Итак, физик просит меня залезть на стремянку и взять что-то на верхних полках стеллажей. Я наивно карабкаюсь на лестницу, и – тадам, кульминация момента – товарищ заслуженный учитель, прищурившись от наслаждения, лезет мне под мини-юбку. Сказать, что я в шоке, – ничего не сказать, я в прострации. Первая реакция – дать в нос с размаха тренированной ногой, вторая – бежать!

Бежала я быстро, очень быстро! Папа спал дома после ночного дежурства, но спал, как товарищ Штирлиц, чутко. В КГБ даже спать учили по особому. Проснулся он от поворота ключа в замке и, увидев мои безумные глазища, по-другому не назовёшь, понял: что-то пошло не так. Выслушав мой сумбурный рассказ, автоматически щелкнул костяшками пальцев, папа понял, что у него, горячего южного парня, появился отличный повод размять кулаки! Я, пребывая в состоянии аффекта, рассказала все, как на духу, и мы уже вдвоем побежали обратно в школу.

Всего не помню, происходило, как в тумане. Папа что-то орал, пару раз сунул кулаком физику в нос, появилась кровь.

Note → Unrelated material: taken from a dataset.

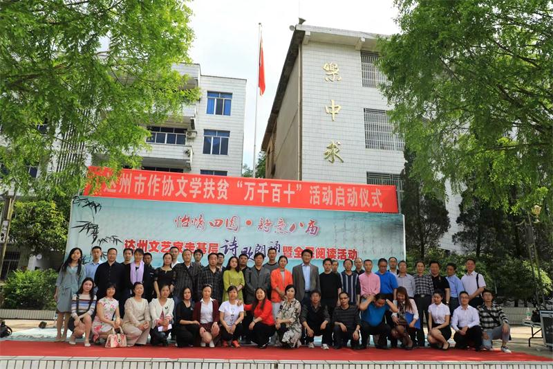 本网讯 4月22日,由达州市作协、开江县作协主办,开江县八庙镇党委政府协办,在镇初级中学举行了达州文艺家走基层诗歌诵读暨全民阅读活动。达州市文联副主席市作家协会主席邹亮、达州市作家协会副主席四川文理学院教授成良臣、达州市文艺评论家协会副主席达州职业技术学院教授钟钦、达州市作协诗歌专委会主任达川区作协副主席符纯云、达州网络作家专委会主任张艇舰、达州市作协信息办主任曹文润、大竹县作协副主席冯晓澜、开江县文联副主席梁棹历女士、开江县教科局副局长肖时海,和来自达川作协、大竹作协、开江作协的文朋诗友及八庙镇党委政府领导、八庙初级中学的师生,共500多人参加了此项活动。

Я была восхищена своим отцом как мужчиной! До сих пор меня будоражит грубая сила.

О папе вообще можно много и с восторгом рассказывать. Он у меня крутой! Суперхаризматичный, обаятельный, умница с прекрасным чувством юмора и положением. Мне, с одной стороны, повезло иметь такого отца. Ведь известный факт, что он первый мужчина, в которого влюбляется девочка. С другой – сложно афтер в мужья найти подобный эксклюз, а не дешевый фейк.

Папе написали целую кипу пасквилей на работу, называя его фашистом, требуя как минимум лишить звания полковника КГБ, а как максимум смертную казнь заменить расстрелом через повешение. Но начальство его уважало и ценило, партийное руководство республики тоже, поэтому для него вся история с рукоприкладством обошлась парочкой выговоров с занесением в личное дело и сверхурочными дежурствами, а для меня – очередной переменой места учебы. Причём в десятом, в те времена, выпускном, классе.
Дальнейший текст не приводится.